TASK TO CARRY OUT | Given the records below, the lines starting at the line with "2 Golf Courses 2つのゴルフ場" and ending at the line with "Eucalyptus à floraison rouge" should be output exactly, both end lines kept and pictures left out.

EXTRACTED DATA |
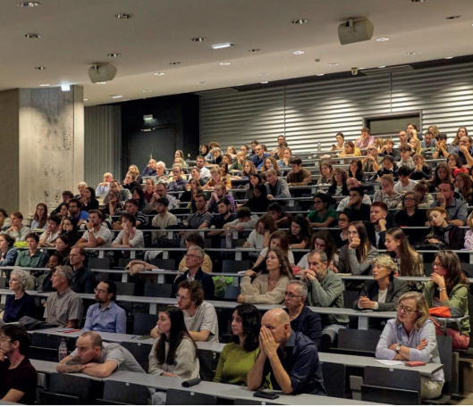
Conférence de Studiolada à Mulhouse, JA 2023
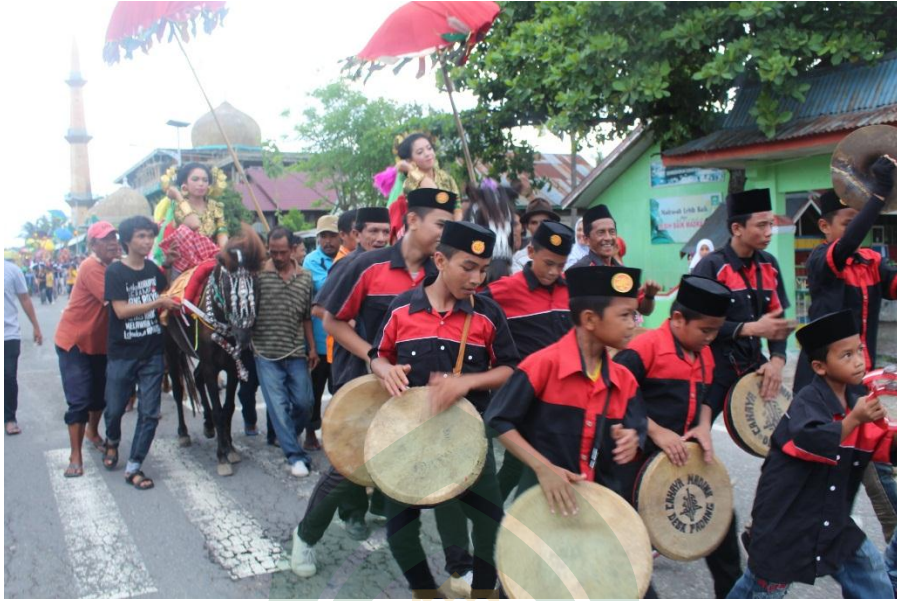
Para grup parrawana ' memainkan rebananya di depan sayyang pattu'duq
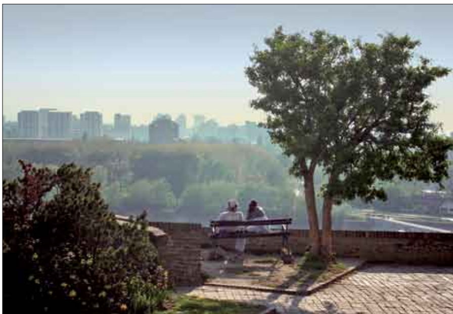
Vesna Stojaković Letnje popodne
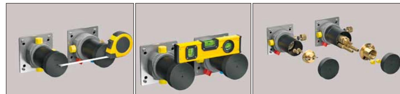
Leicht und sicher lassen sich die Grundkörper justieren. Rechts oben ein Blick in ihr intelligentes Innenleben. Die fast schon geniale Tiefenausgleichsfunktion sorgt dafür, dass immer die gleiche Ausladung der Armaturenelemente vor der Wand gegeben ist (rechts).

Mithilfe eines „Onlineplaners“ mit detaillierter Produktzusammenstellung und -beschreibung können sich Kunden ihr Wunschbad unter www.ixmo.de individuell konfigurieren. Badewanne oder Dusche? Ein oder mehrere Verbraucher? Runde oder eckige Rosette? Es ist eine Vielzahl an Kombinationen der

---

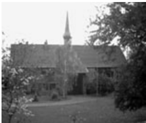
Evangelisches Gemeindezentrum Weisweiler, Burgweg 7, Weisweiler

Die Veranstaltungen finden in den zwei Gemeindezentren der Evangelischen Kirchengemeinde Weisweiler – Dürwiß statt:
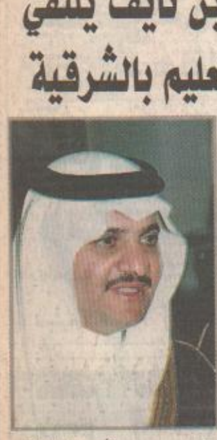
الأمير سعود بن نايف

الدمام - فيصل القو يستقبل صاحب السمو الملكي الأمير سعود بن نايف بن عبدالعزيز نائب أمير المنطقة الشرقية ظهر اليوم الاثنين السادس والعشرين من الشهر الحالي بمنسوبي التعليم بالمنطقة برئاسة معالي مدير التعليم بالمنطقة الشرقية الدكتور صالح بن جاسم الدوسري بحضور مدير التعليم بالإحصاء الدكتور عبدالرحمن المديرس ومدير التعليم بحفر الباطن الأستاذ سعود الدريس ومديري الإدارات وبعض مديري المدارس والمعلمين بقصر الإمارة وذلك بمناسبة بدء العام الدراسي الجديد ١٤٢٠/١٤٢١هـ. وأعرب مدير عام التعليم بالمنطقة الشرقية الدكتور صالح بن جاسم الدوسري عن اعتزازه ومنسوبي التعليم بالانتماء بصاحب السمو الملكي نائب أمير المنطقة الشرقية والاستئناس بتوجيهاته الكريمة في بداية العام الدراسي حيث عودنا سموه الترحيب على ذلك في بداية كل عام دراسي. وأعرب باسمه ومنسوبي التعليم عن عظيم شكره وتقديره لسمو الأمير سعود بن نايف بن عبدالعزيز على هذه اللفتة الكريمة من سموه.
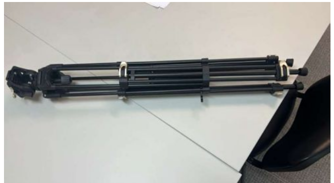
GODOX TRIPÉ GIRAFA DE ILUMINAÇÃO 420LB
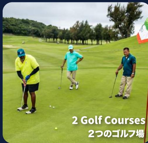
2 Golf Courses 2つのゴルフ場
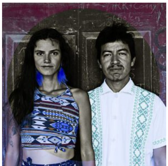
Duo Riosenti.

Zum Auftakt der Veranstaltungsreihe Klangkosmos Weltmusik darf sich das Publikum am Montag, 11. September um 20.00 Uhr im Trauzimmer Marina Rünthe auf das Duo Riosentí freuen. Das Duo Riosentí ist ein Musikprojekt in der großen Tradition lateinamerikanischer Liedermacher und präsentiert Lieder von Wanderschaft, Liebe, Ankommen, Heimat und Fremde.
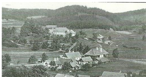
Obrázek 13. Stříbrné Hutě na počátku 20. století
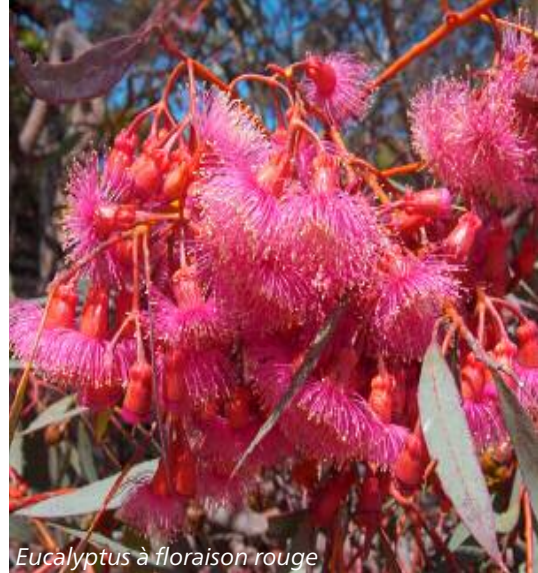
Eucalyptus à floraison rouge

WRITTEN SOLUTION |
2 Golf Courses 2つのゴルフ場
Duo Riosenti.

Zum Auftakt der Veranstaltungsreihe Klangkosmos Weltmusik darf sich das Publikum am Montag, 11. September um 20.00 Uhr im Trauzimmer Marina Rünthe auf das Duo Riosentí freuen. Das Duo Riosentí ist ein Musikprojekt in der großen Tradition lateinamerikanischer Liedermacher und präsentiert Lieder von Wanderschaft, Liebe, Ankommen, Heimat und Fremde.
Obrázek 13. Stříbrné Hutě na počátku 20. století
Eucalyptus à floraison rouge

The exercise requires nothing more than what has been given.